Speaking from very educated guesses, when raising a child you do not give the kid what he wants every single time he asks for it. Spoiled kids are no fun, both at a young and old age.

Do teachers spend too much time fretting over whether or not the students will find it interesting? Are we spoiling them that way?

A Volcano And A Village

I’m reading Simon Winchester’s Krakatoa right now. A passage about the role the telegraph played in Krakatoa’s big explosion had an impact on me and how I hope to teach.

Millions of people hitherto unknown to one another began to involve themselves, for the first time ever, in looking beyond their hitherto limited horizons of self; they started to inhabit a new and outward-gazing world that these storytelling agencies [telegraph companies], and this event they were relating, were unwittingly helping to create (Winchester 194-95).

Winchester’s idea is that exposure to more information meant a shrinking of the world. He refers to Mashall McLuhan’s idea of the “global village”. From the 1960 anthology Explorations in Communication, McLuhan suggests we’re all connected through information:

Post-literate man’s electronic media contract the world to a village or tribe where everything happens to everyone at the same time: everyone knows about, and therefore participates in, everything that is happening the minute it happens.
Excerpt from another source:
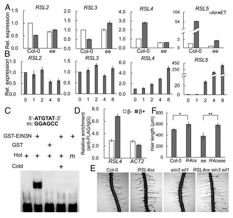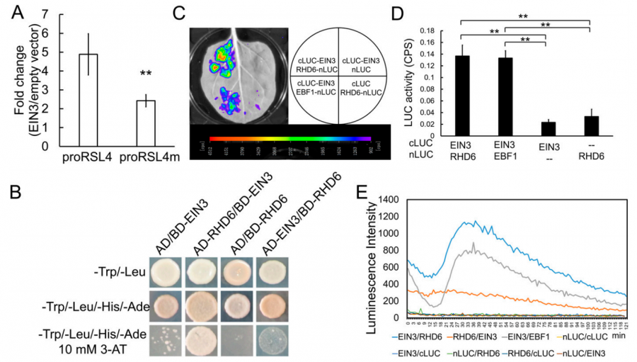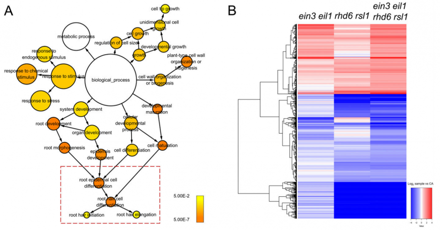 根毛是植物吸收水分、矿质元素以及与土壤微生物进行相互作用的重要器官。乙烯是一种重要的植物激素,对根毛生长发育具有调控作用,但其作用机制尚未完全了解。南方科技大学揭示了乙烯调控拟南芥根毛生长发育的分子机制,研究结果为通过分子育种提高植物营养吸收能力等优良性状提供了理论依据。 根毛是植物根表皮的管状突起,是植物吸收水分、矿质元素以及与土壤微生物进行相互作用的重要器官。根毛的生长发育具有高度的可塑性,其生长密度与相对长度都可应对土壤环境的不同作出适应性的调节,是研究植物环境响应的良好模型。乙烯是植物重要的环境胁迫信号分子,对根毛生长发育的调控作用很早就被发现,但对于其中的作用机制却一直不清楚。 植物乙烯信号转导领域处于国际领先地位,多年来为乙烯信号转导分子机制的阐明做出了重要的贡献,其中包括发现乙烯信号转导的蛋白降解模型(Cell, 2003; Plant Cell, 2010)、乙烯信号从内质网到细胞核传递的“剪切-入核”机制(Cell Research, 2012)及3’UTR非编码RNA介导的翻译调控模型(PNAS, 2006;Cell, 2015)等一系列突破性成果。此外,多年来团队也一直关注乙烯信号调控植物根生长(Plant Cell, 2011)、顶端弯构形成(Cell Research 2012; Plant Cell, 2014)及衰老(Plant Cell, 2013; 2017)等生长发育过程的分子遗传机制。郭红卫团队PNAS发表的这一最新成果主要揭示了植物激素乙烯调控拟南芥根毛生长发育的分子机制,该研究加深了对乙烯生理功能机制的理解,为通过分子育种提高植物营养吸收能力等优良性状提供了理论依据。 研究团队首先通过分子遗传分析发现,乙烯信号通过核心转录因子EIN3/EIL1直接调控根毛生长的主效调控因子RSL4基因的转录表达,从而促进拟南芥根毛的伸长(elongation)生长。进一步研究发现,乙烯对根毛伸长的促进作用很大程度上依赖于根毛发生重要调控因子RHD6/RSL1的功能。通过体内外相互作用和亚细胞共定位等分析,团队揭示了EIN3/EIL1与RHD6/RSL1协同调控RSL4基因转录表达从而促进根毛伸长的分子机制。由于RHD6/RSL1是非典型的转录因子,其DNA结合能力一直没有得到证实,EIN3/EIL1与RHD6/RSL1的协同互作机制阐明了RHD6/RSL1发挥转录调控功能的可能机制。 为了进一步探索EIN3/EIL1与RHD6/RSL1的协同互作在根毛发育过程中的重要作用,团队在已有分子遗传证据的基础上进行了转录组分析。研究发现EIN3/EIL1与RHD6/RSL1协同调控大量根毛生长发育相关基因,这些下游基因不仅参与根毛的伸长生长,还涉及根毛的起始发育。进一步的表型分析也很好的应证了转录组的结果:ein3 eil1 rhd6 rsl1多重突变体对外施乙烯、生长素、细胞分裂素及缺磷、缺氮等环境刺激不敏感。相对于野生型或rhd6 rsl1双突变体,ein3 eil1 rhd6 rsl1的根毛发育不能被诱导起始。这些结果表明,EIN3/EIL1与RHD6/RSL1的协同互作提供了环境信号和内源发育信号之间整合节点,在拟南芥根毛的起始发育和伸长生长中都起到至关重要的作用。 |
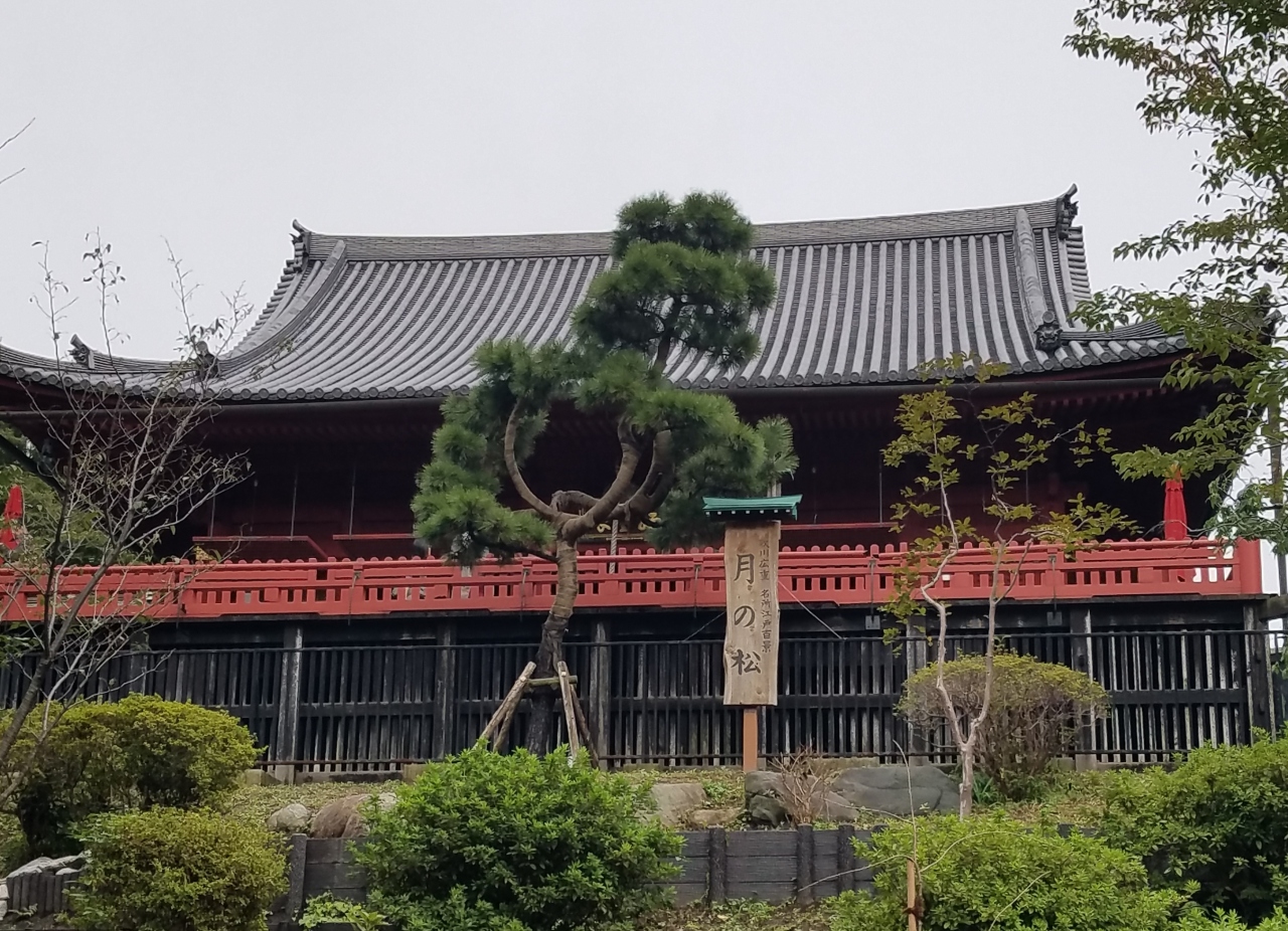 月の松は、上野公園の清水観音堂前にあるリング状に曲がった形の松です。江戸時代の浮世絵氏の歌川広重も描いたその姿は、目をひきます。下から見上げると、色鮮やかな朱色のお堂を背景に松の緑とリングが映えていたのが印象に残っています。

Television gives this quality of simultaneity to events in the global village (Winchester 182).

Winchester quotes that passage in a footnote and goes on to write “the telegraphic transmission of news about Krakatoa, disseminated simultaneously throughout the entire newspaper-reading world, had much the same effect.”

Winchester’s “limited horizons of self” passage and McLuhan’s “everything happens to everyone at the same time” concept got to me. That’s exactly what I want to be able to do with my students, break down that horizon of self, to urge the realization that events around the world mean something even though they happen miles and miles away. So much of the behavior we battle stems from the idea that “the world revolves around me.” It’s a natural thing to think that as a teenager, but that certainly doesn’t make it true. If there’s a way reading can help abolish that attitude, I’m all for it. Winchester and McLuhan seem to be suggesting that this is possible.

Friday: Read Away Selfishness


1. Laurie says:

[8/18/2006 - 3:54 pm]

We can’t spoil them…that only happens when you give kids ONLY what they want. And too many of them NEVER want to read anything.

2. Todd says:

[8/18/2006 - 4:27 pm]

I just wonder if, by attempting to give students only the things that interest them, we aren’t sending the tacit message that things they cannot connect to aren’t worth reading.